Available data: Begin

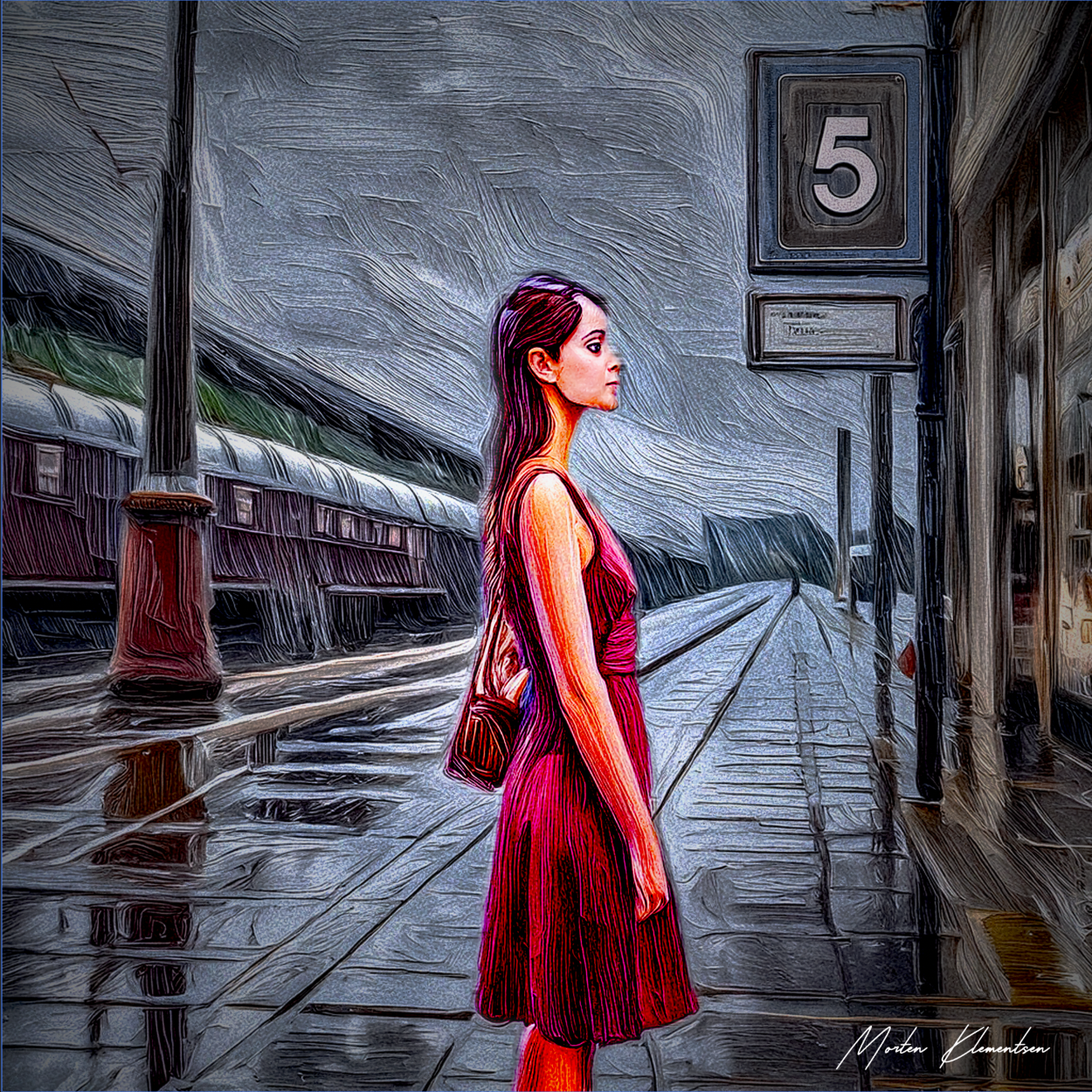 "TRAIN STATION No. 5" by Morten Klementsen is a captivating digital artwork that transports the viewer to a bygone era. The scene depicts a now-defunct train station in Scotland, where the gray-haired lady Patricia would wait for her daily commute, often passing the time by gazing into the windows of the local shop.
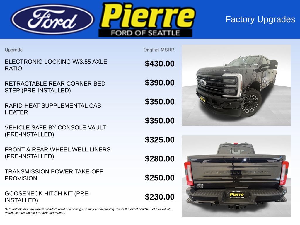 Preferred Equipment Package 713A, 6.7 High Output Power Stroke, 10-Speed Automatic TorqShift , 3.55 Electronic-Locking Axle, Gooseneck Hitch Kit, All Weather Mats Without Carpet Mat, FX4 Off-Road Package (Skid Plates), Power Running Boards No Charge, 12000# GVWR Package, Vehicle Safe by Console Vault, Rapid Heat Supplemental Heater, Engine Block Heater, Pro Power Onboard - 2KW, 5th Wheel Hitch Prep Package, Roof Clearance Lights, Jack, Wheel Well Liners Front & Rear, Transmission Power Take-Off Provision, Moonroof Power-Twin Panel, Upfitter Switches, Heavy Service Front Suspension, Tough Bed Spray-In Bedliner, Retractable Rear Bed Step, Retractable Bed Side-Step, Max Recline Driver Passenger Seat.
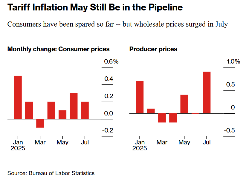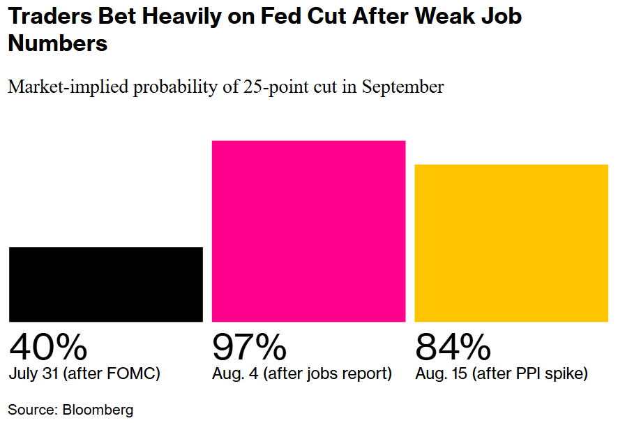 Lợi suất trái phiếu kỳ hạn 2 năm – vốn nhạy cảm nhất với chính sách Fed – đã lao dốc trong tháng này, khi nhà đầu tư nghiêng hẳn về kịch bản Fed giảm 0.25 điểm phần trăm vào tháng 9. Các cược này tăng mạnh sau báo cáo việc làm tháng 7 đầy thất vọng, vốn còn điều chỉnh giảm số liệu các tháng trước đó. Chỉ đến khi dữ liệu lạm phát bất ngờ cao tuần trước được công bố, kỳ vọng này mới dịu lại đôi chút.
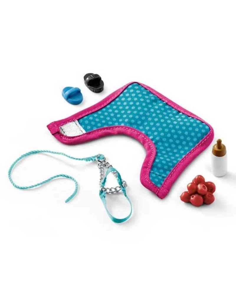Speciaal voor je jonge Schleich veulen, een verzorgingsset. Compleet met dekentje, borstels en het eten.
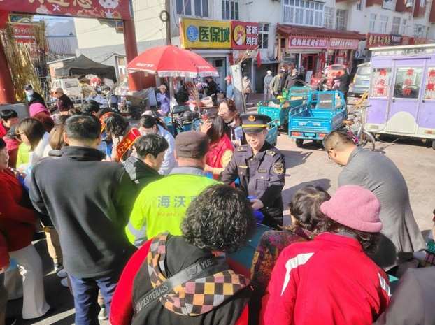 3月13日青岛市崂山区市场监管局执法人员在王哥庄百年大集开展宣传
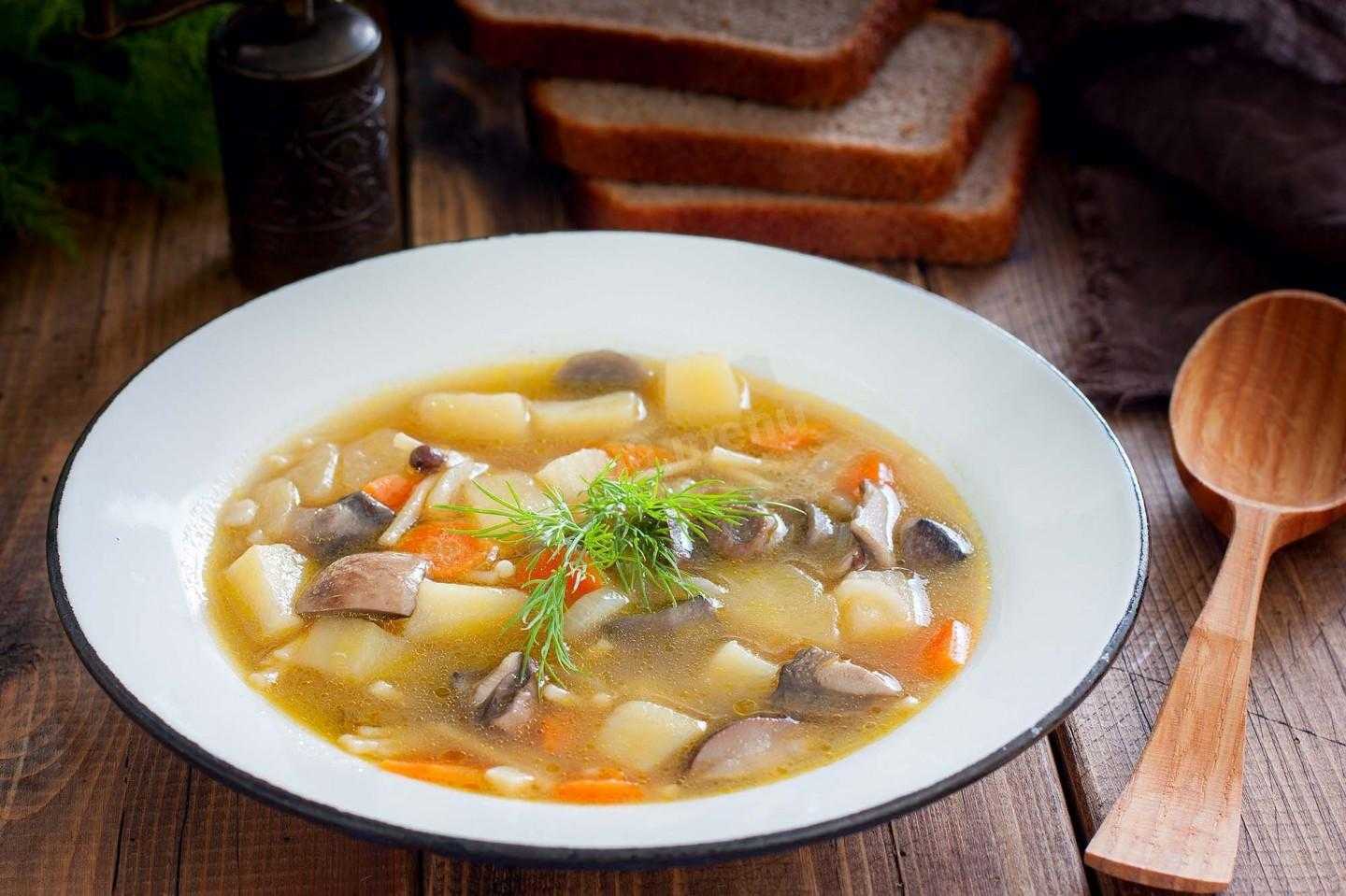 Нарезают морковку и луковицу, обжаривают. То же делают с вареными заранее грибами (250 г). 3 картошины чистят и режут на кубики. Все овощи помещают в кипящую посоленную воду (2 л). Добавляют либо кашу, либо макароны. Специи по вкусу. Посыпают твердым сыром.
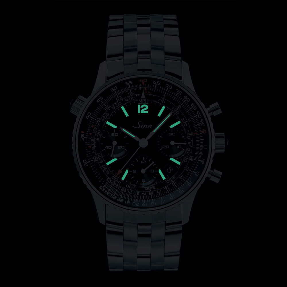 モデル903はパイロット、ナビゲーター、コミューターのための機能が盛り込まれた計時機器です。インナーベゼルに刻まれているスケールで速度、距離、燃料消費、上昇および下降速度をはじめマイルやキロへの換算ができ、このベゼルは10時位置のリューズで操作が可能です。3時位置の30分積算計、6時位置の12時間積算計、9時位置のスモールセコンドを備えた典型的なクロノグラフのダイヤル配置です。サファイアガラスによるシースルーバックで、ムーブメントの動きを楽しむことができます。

Available data: End

Action item:
Could you repeat, exactly, only the lines above starting at the one that has "3月13日青岛市崂山区市场监管局执法人员在王哥庄百年大集开展宣传" and stopping after the one that has "Нарезают морковку и", without the pictures?

Completed task:
 3月13日青岛市崂山区市场监管局执法人员在王哥庄百年大集开展宣传
 Нарезают морковку и луковицу, обжаривают. То же делают с вареными заранее грибами (250 г). 3 картошины чистят и режут на кубики. Все овощи помещают в кипящую посоленную воду (2 л). Добавляют либо кашу, либо макароны. Специи по вкусу. Посыпают твердым сыром.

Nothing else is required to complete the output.